■ **Try it**
Only the lines from the top of the listing below through the line containing "AK Bad Blankenburg" should be output, exactly and with no pictures.

■ **Extracted data**

==========

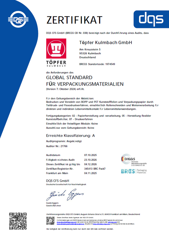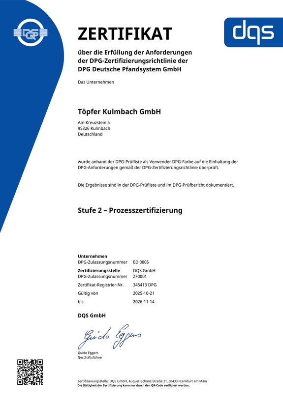 Töpfer Kulmbach erfüllt alle Anforderungen der Zertifizierungsrichtlinie der DPG Deutsche Pfandsystem GmbH.
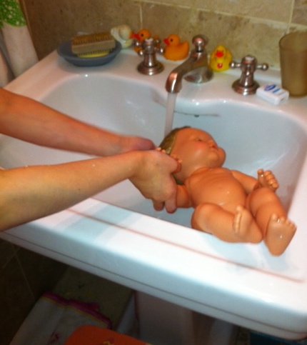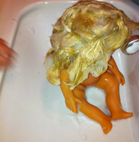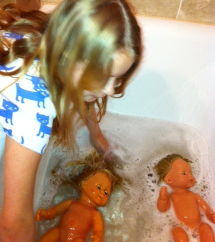 As Nic said this, Emma squirted an enormous amount of shampoo onto each of her doll’s heads.
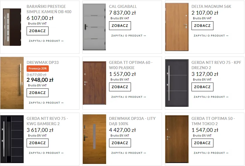 Drzwi w dobrej cenie zaczynają się od 100 złotych za najprostsze modele wewnętrzne. Jednak warto rozważyć zakup w przedziale 200-400 zł, gdzie znajdziemy już solidniejsze konstrukcje.
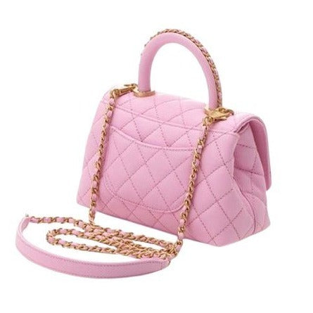 CHANEL Caviar Quilted Mini Coco Chain Handle Flap Bag Pink
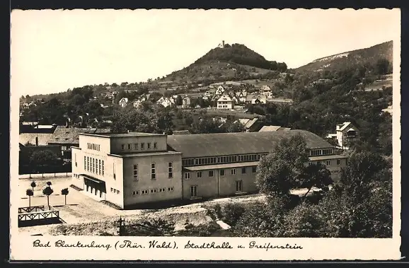 AK Bad Blankenburg /Thür. Wald, Stadthalle und Greifenstein
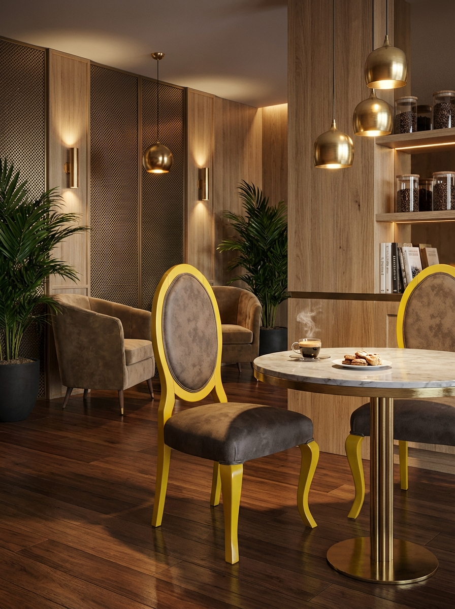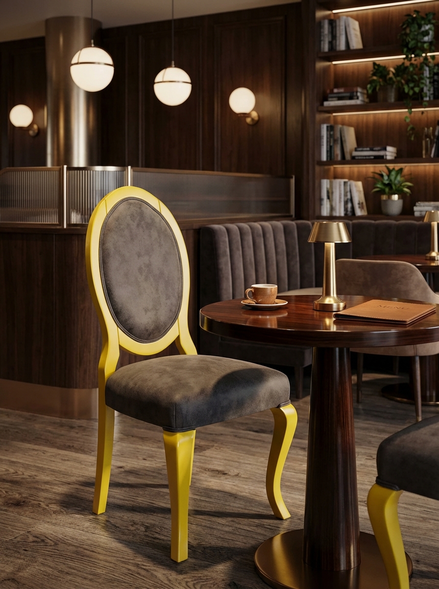İşletmenizin ambiyansını ve yatırım getirisini (ROI) maksimize etmek üzere tasarlanmıştır. Regent Midas Vurgu Sandalyesi, klasik Louis X. stilinin zamana meydan okuyan zarafetini, yoğun ticari kullanıma uygun güçlendirilmiş yapı ile birleştirir. Canlı parlak sarı lake kaplaması, butik restoranlar, lüks kafeler ve otel lobilerinde anında lüks ve göz alıcı bir premium algı yaratır. Satın alma müdürleri ve mimarlar için en kritik unsur olan uzun ömürlülük göz önünde bulundurularak üretilmiştir. Oturma ve sırt bölgelerinde kullanılan yüksek yoğunluklu döşeme ve kolay temizlenebilir, yoğun kullanıma dayanıklı koyu tonlu kumaş (süet/kadife görünümlü), hem müşteri konforunu garanti eder hem de işletme maliyetlerinizi minimize eder. Marka kimliğinizi kalıcı olarak güçlendirecek, bakım gereksinimi düşük, yüksek etkili bir mobilya çözümüdür.

==========

■ **Answer box**
 Töpfer Kulmbach erfüllt alle Anforderungen der Zertifizierungsrichtlinie der DPG Deutsche Pfandsystem GmbH.
 As Nic said this, Emma squirted an enormous amount of shampoo onto each of her doll’s heads.
 Drzwi w dobrej cenie zaczynają się od 100 złotych za najprostsze modele wewnętrzne. Jednak warto rozważyć zakup w przedziale 200-400 zł, gdzie znajdziemy już solidniejsze konstrukcje.
 CHANEL Caviar Quilted Mini Coco Chain Handle Flap Bag Pink
 AK Bad Blankenburg /Thür. Wald, Stadthalle und Greifenstein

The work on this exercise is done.